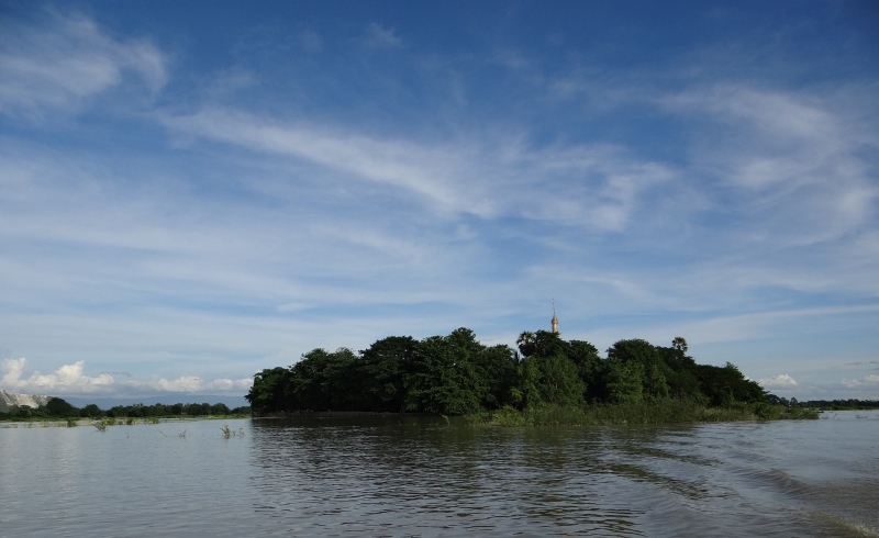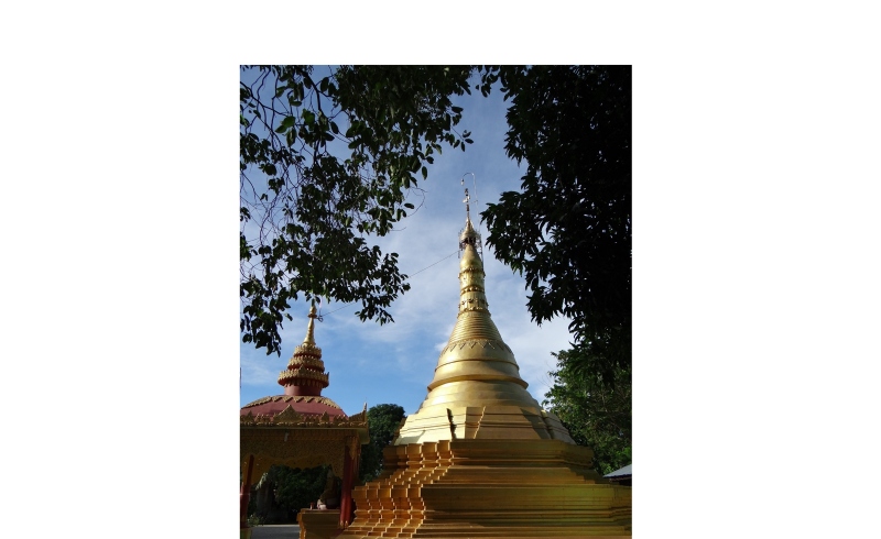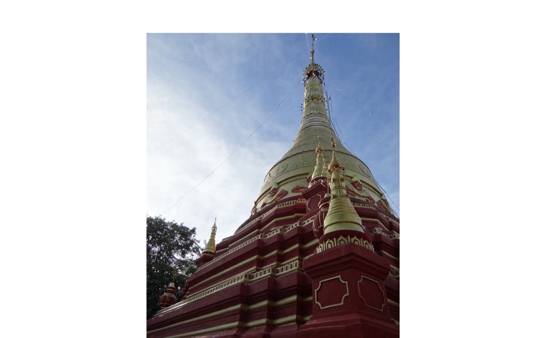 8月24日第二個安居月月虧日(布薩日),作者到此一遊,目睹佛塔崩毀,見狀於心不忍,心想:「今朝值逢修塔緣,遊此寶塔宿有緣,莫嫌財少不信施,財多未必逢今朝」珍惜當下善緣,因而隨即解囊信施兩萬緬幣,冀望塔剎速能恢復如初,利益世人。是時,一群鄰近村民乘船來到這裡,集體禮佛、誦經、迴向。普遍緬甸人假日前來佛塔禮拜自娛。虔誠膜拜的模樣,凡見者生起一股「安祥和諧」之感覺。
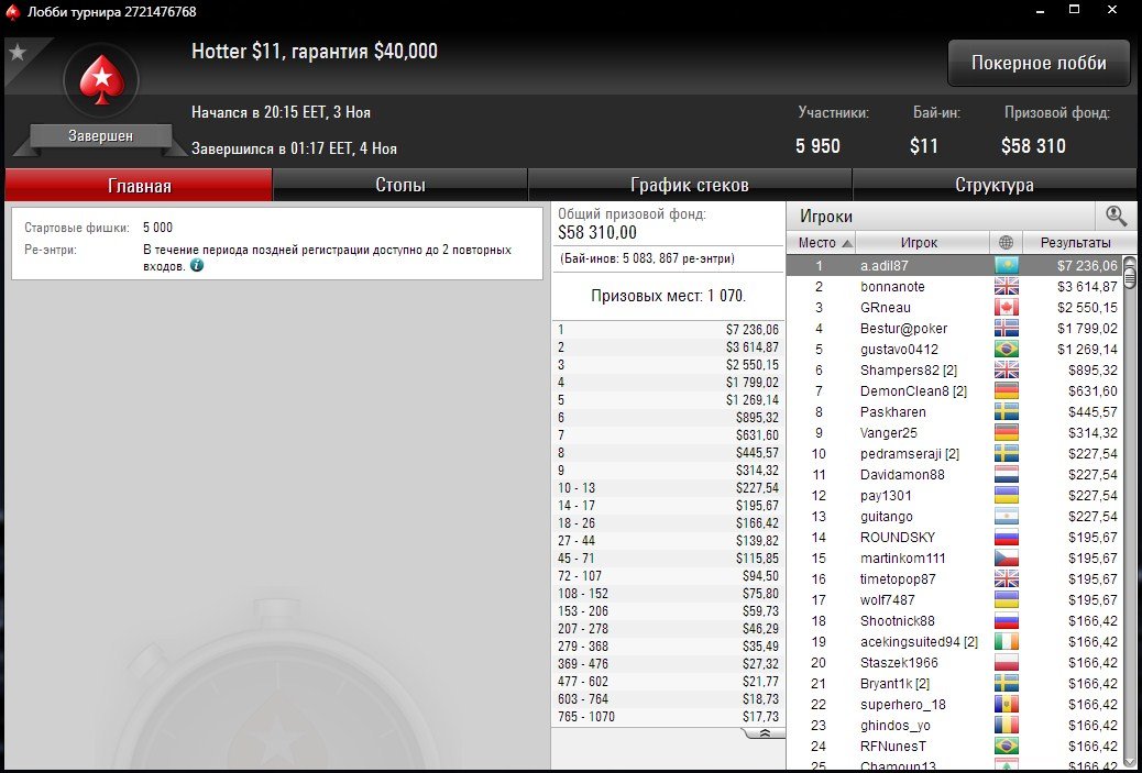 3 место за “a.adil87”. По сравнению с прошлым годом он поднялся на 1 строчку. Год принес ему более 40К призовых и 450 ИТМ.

--

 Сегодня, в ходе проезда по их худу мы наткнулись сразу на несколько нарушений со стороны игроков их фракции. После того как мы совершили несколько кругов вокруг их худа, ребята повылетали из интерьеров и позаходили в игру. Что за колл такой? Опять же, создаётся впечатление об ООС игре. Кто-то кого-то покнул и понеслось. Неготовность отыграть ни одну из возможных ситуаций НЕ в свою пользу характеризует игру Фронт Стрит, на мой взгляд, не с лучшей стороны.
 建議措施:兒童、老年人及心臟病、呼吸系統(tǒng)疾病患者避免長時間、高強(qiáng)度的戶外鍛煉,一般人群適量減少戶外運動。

--

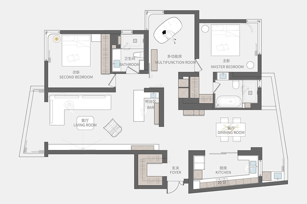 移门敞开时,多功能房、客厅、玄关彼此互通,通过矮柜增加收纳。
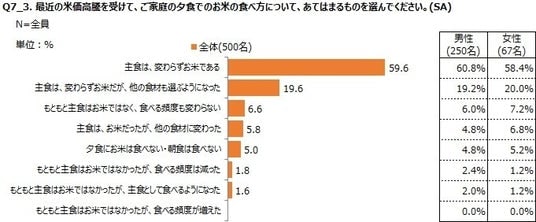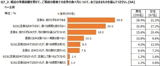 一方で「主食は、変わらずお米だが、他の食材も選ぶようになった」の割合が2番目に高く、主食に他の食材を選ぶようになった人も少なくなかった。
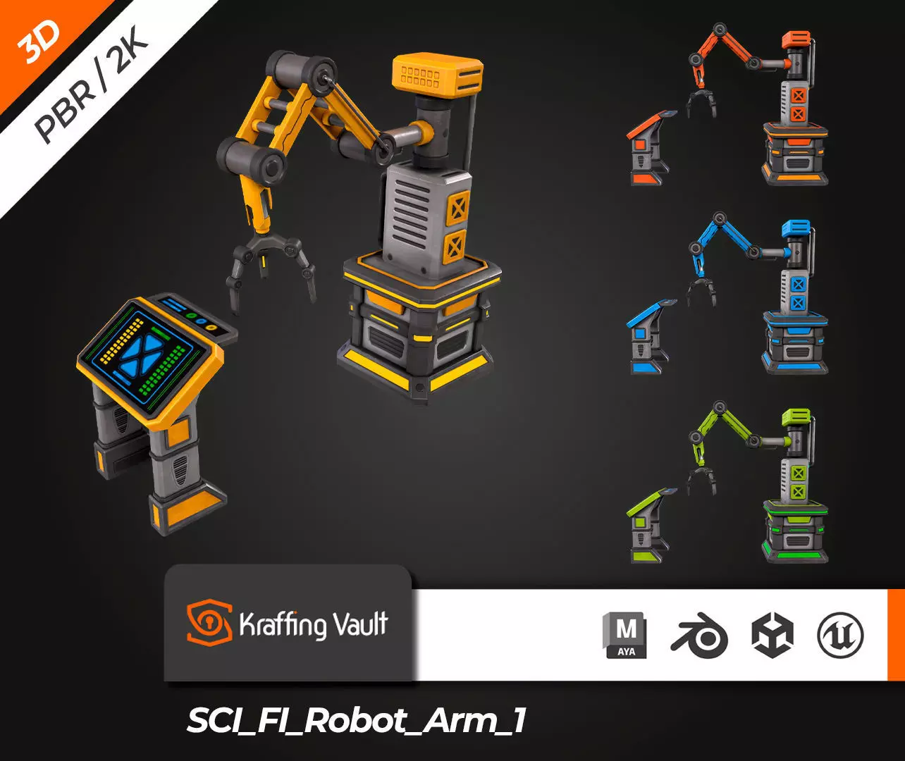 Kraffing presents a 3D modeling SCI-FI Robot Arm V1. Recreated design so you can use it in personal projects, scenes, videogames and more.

ABOUT THIS EXERCISE: Would you print exactly the lines in the listing above, from the line bearing "移门敞开时,多功能房、客厅、玄关彼此互通,通过矮柜增加收纳。" through the line bearing "Kraffing presents a", leaving out all pictures?

YOUR RESPONSE:
 移门敞开时,多功能房、客厅、玄关彼此互通,通过矮柜增加收纳。
 一方で「主食は、変わらずお米だが、他の食材も選ぶようになった」の割合が2番目に高く、主食に他の食材を選ぶようになった人も少なくなかった。
 Kraffing presents a 3D modeling SCI-FI Robot Arm V1. Recreated design so you can use it in personal projects, scenes, videogames and more.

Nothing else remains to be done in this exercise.